You can check out our certification status on the Veracode website here.
UiPath Bug Bounty Program aims to leverage the expertise of HackerOne's ethical hacker community to find vulnerabilities in our RPA Platform and surrounding ecosystem in order to keep our customers, partners and community users safe from malicious activities.
If you find a vulnerability on any systems that you feel are part of the UiPath organization, please send us an email at firstname.lastname@example.org.
The Program focuses on high priority items such as:
Identifying and exploiting vulnerabilities in the implementation of Orchestrator and Robot that will permit escalation of privileges and perform out of rights/bound actions on Orchestrator.
Identifying publicly discoverable/accessible service end-points for UiPath.
Discovering management level secrets such as passwords.
Gaining control over the Orchestrator machine(s) in an on-premise scenario where the threat actor (malicious entity) is not a provisioned user on Orchestrator at application layer or OS level but is able to join the network on which robot and Orchestrator is deployed.

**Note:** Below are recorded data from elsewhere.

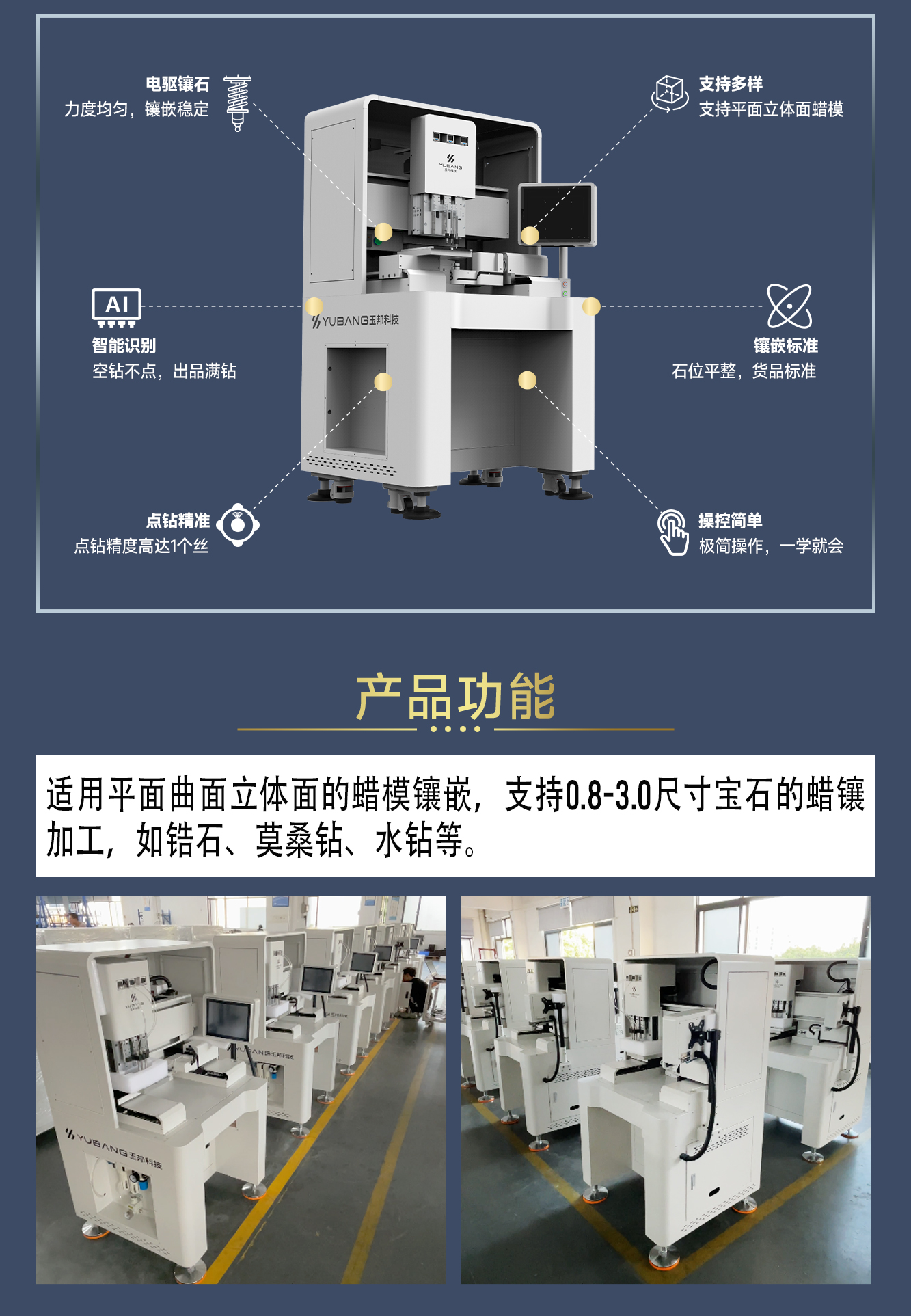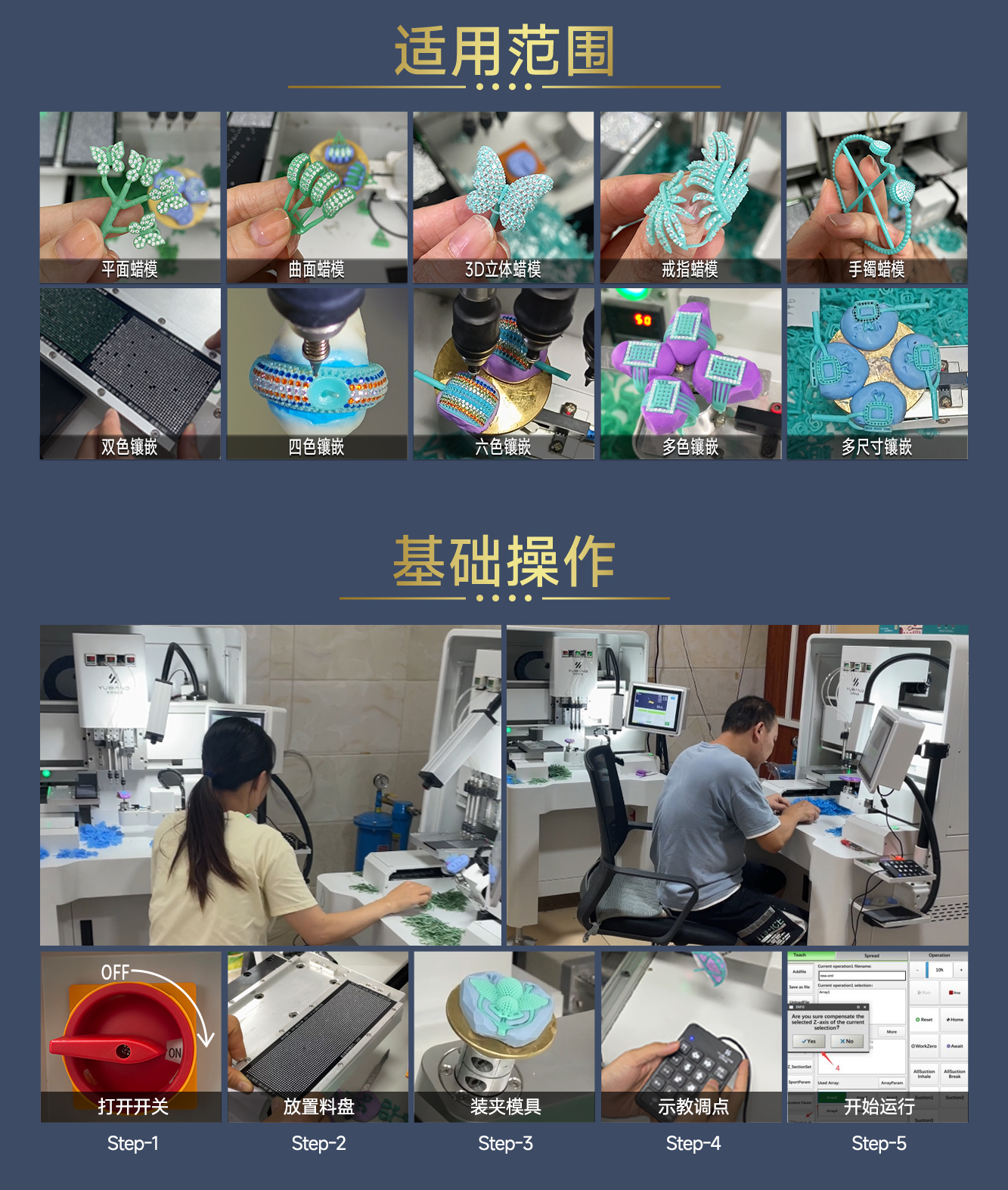 采用五轴高配置,支持0.8-3.0mm锆石、莫桑钻、水钻等多种材质,轻松应对平面、曲面及立体蜡模加工,适配90%以上款式需求;满足多样化加工场景,可实现不同颜色、不同尺寸宝石同步镶嵌。基于电驱式镶石原理,力度均匀稳定,配合设备内置的精密控制系统,确保点钻精度高,成品品质一致,持续24小时运行不偏位。操作简便快捷,学习门槛低,零基础用户也能快速上手。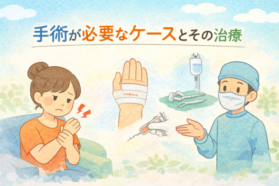 特に、指が引っかかるように動く“ばね指”の状態が強く、日常生活に大きな支障が出ているケースでは、保存的な検査だけでは改善しづらいこともあるそうです。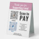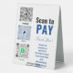 What is a Venmo payment? It is a digital payment system where customers can scan your business QR code image and pay electronically. Learn how to accept Venmo payment is as easy as signing up on your phone. Then just create your own Venmo, PayPal, or Cash App QR code image Pay HERE sign. Digital payment systems are popular at craft shows, popups, and Farmers Markets. Perfect when customers run out of cash. Customise with your business name, social media information and custom text. Pink Venmo sign for your support small business booth. Perfect for a woman-owned business.

Using manual analysis or tools to conduct an objective evaluation of the Orchestrator application against OWASP Top 10 2017 Application Security Risks.
Injecting or uploading executable code into Orchestrator application that eventually runs itself, via interactive methods or access through APIs.
Before every GA/Major release for our products, we run:
Static Code analysis, 3rd Party Dependencies Vulnerability Scans, Dynamic analysis
3rd Party Dependencies scans - Licenses and Vulnerabilities
Issues found go through a triage process and through a remediation process, as necessary.